Bernanke May Need ‘Massive’ Asset Buying to Counter Contraction

Bloomberg reports that Bernanke may need 'massive' asset buying to counter contraction.

(emphasis mine) [my comment]

Bernanke May Need 'Massive' Asset Buying to Counter Contraction

By Craig Torres

March 17 (Bloomberg) -- Chairman Ben S. Bernanke and Federal Reserve policy makers may have to ramp up their purchases of mortgage securities and other assets after the economy and job market deteriorated further since they last met.

The Federal Open Market Committee, gathering today and tomorrow in Washington, needs to redouble its efforts after the central bank's balance sheet shrank 17 percent from a $2.3 trillion December peak, Fed watchers said. The retreat came even as Bernanke acknowledged the chance that the unemployment rate will exceed 10 percent for the first time in a quarter century.

"It takes massive balance-sheet expansion [asset buying with printed money] to generate significant easing in financial conditions," said Andrew Tilton, an economist at Goldman Sachs Group Inc. in New York who used to work at the Treasury. "More needs to be done."
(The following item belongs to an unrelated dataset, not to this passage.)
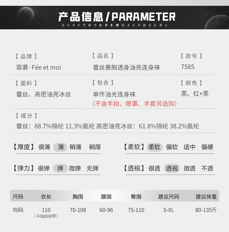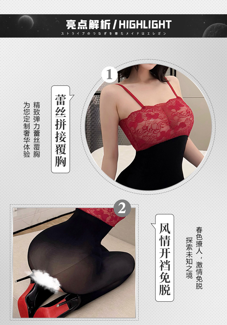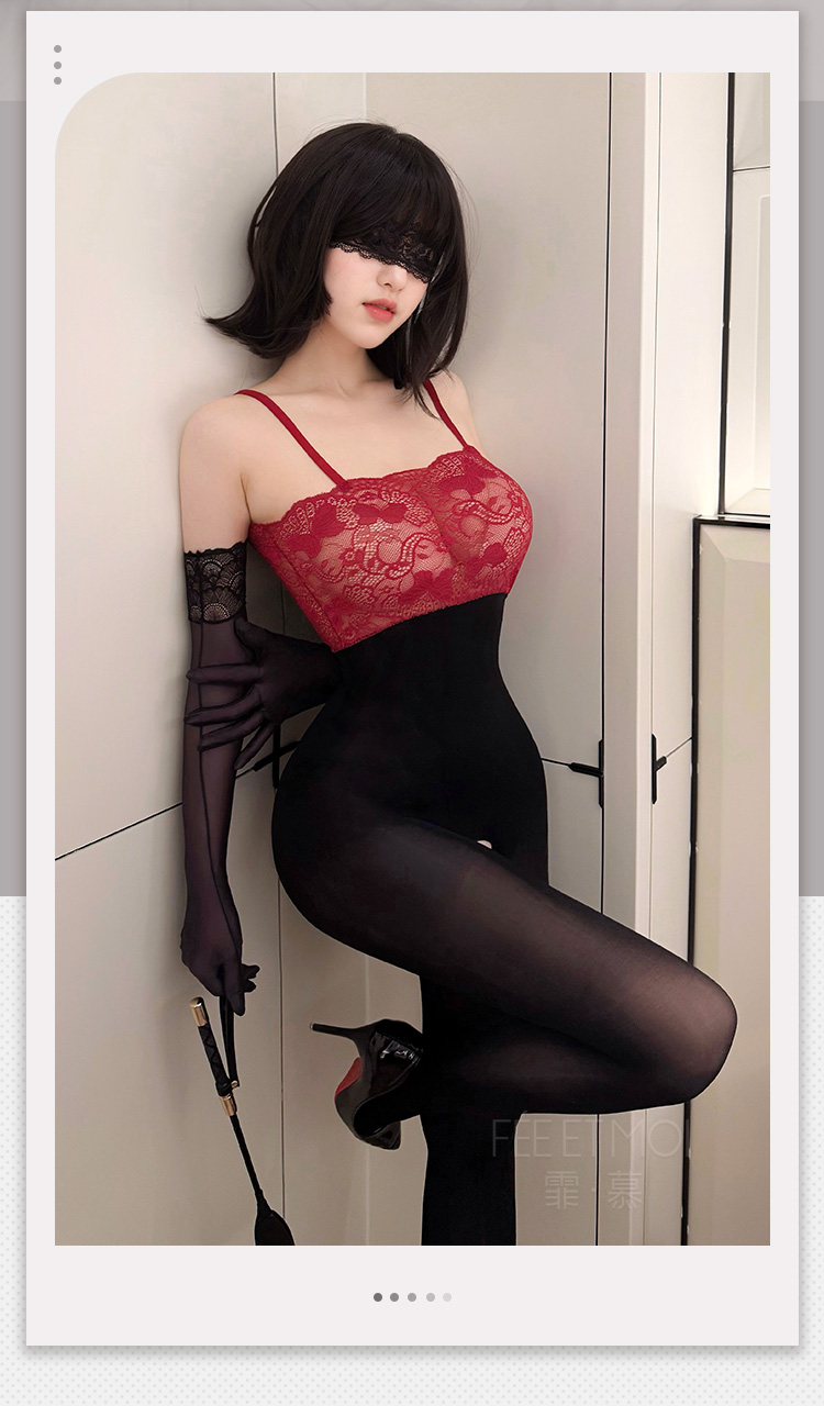 霏慕蕾丝裹胸透视开档油亮连身袜套装

This week's FOMC meeting could mark a shift toward more aggressive monetary expansion to fight deflation after demand waned for many of the Fed's existing programs. One top consideration is an increase in the pace and size of a $600 billion program to buy bonds issued and backed by U.S. housing agencies such as Fannie Mae, analysts said.

Other measures could include everything from purchases of Treasuries to corporate bonds, Tilton said. The Fed has already agreed to work with the Treasury on implementing a program to revive consumer and business loans, which the Obama administration has said could reach $1 trillion.
Consumers Reluctant

Analysts are skeptical. "The concern about the TALF is not so much the investor interest in it, but the availability of eligible" securities to buy, given lack of consumer demand for new debt, said Tilton of Goldman Sachs.

Consumers will borrow if they see solid job prospects and rising wealth, economists said. Right now, neither condition is in place. The unemployment rate in February was 8.1 percent, up almost 2 percentage points in the past six months. Household wealth fell by a record $5.1 trillion last quarter. Personal savings as a percent of disposable income has risen every month since August.

A less effective TALF would lead the Fed to use its authority to purchase assets and expand the supply of money, some Fed watchers said.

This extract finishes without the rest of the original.